La multiplication des violences à l’égard des femmes et des minorités révèle l’étendue des frustrations sexuelles, politiques et économiques des hommes en terre d’islam, détaille la philosophe marocaine dans un entretien au « Monde ».
Entretien. Essayiste et philosophe, Nadia Tazi est spécialiste des études sur la virilité dans le monde musulman. Son dernier essai, Le Genre intraitable. Politiques de la virilité dans le monde musulman, a été publié en 2018 chez Actes Sud.
Fin mars, une personne transgenre a été agressée par des manifestants, à Paris, lors d’une manifestation contre Bouteflika. N’est-ce pas là une réaction viriliste exacerbée, qui recoupe des comportements que l’on retrouve dans certains pays musulmans ?

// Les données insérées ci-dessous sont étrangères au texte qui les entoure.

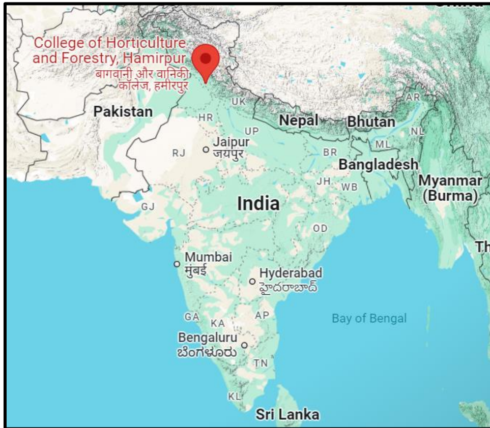
Fig. 1. Geolocation of fruit collection of Melia dubia for the present research study

was drained out and seeds of Melia were washed in distilled water. Then, red- or purple-coloured seeds were counted as viable seeds and non-coloured seeds as non-viable seeds (Fig. 4).
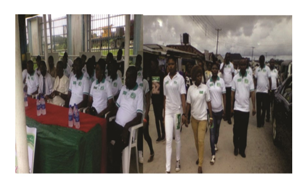
Delta P4P International World Peace Day Event
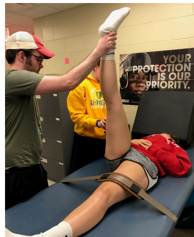
Figure 3. Hip Flexion PROM

Hip flexion ROM was measured with the participant in a supine position. A strap was applied firmly across the contralateral distal thigh to assure minimal pelvic movement. 38 With the knee fully extended, the participant actively flexed the hip to its maximal range with instructions to stop when the knee started to bend or when the participant felt as though they could not move any further. A clinician placed the digital inclinometer at the midpoint on the lateral thigh between the greater trochanter and the lateral femoral condyle. 38 The research assistant recorded the degree of the reading on the digital inclinometer. The participant then returned to the same starting position (supine, knee extended) and the clinician passively flexed the hip to a point in which a firm end feel was felt. 38 The degree on the digital inclinometer was recorded.
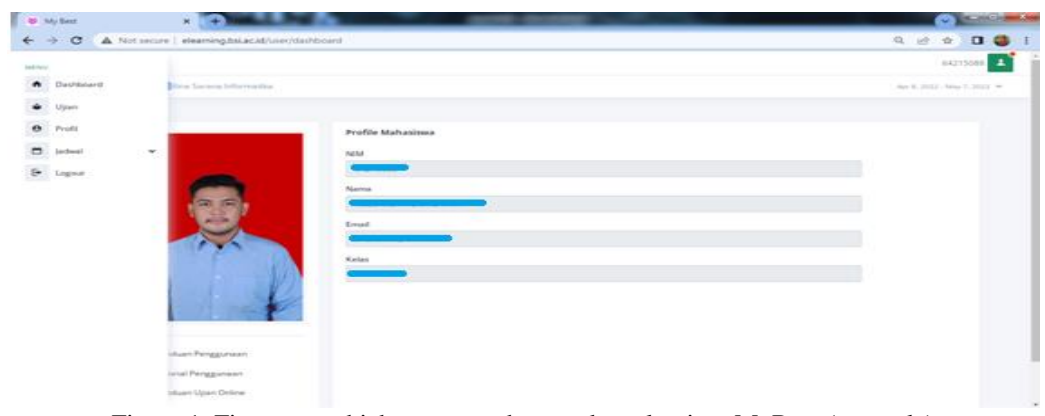
Figure 1. First page which appears when students log into MyBest (example)

As one of the platform in online learning, MyBest has some features which can be used in order to support the process of online teaching and learning. Below are some features and their appearance in students' page:
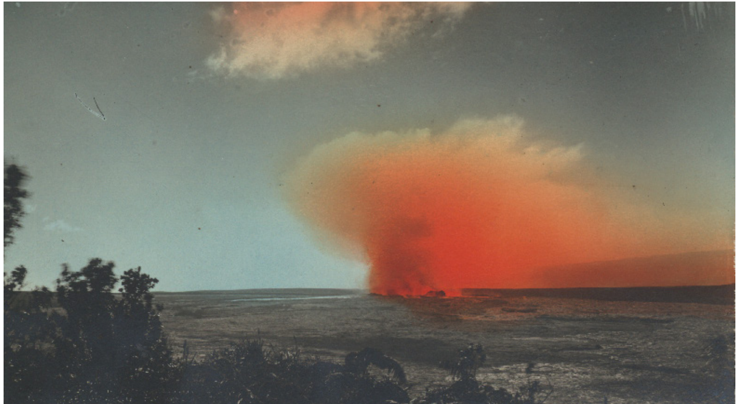
Image Right: Colored postcard depicting early 20th century eruption at Kīlauea.

On a vu des violences comparables à Cologne, le 31 décembre 2015, ou sur la place Tahrir, au Caire, en 2011. Elles sont le fait d’hommes jeunes, rassemblés sur des places publiques en état d’ébullition festive ou politique. Elles renvoient à des problèmes anthropologiques fondamentaux qui n’ont pas été réglés, en particulier celui de la virilité. Cette masculinité a perdu son ethos, ses valeurs et ses codes, sous les effets conjugués du despotisme, d’une modernisation exogène souvent brutale et de l’islamisme.
Dans le monde arabe, la rue, qui est leur territoire, a toujours eu mauvaise réputation. Elle est le lieu du brassage des sexes, des classes sociales, des âges et des mœurs, le terrain des déchaînements populaciers. Le vieil ordre homosocial non mixte, qui régentait la cité en dehors de l’espace domestique, n’a plus cours aujourd’hui. Mais le nouvel ordre de la liberté et de l’égalité que recouvre la modernité politique n’est pas encore institué. On se trouve dans une zone grise où se télescopent des modèles divergents et où règne le bricolage symbolique. Les anciennes convenances d’hier ne sont plus, mais la citoyenneté n’est pas encore gagnée.
S’il est vrai que seuls les islamistes les plus rigoristes interdisent aux femmes l’accès au dehors, il n’en reste pas moins que le harcèlement des passantes y est encore trop fréquent – comme si leur présence n’y était pas légitime. En groupe, les jeunes se défoulent en se livrant à des incivilités. Le nombre entraîne, fait corps, protège. Cela révèle l’étendue des frustrations qui travaillent les esprits et les corps, qu’elles soient sexuelles, politiques, économiques. Confusément, l’influence des idéologies islamistes se fait sentir. L’homosocialité – dont le voile est le corollaire – a toujours été le cheval de bataille de ces populistes contre la « décadence occidentale ». C’est sur la base de ce principe d’ordre moral qu’ils cherchent à reconstruire la communauté musulmane.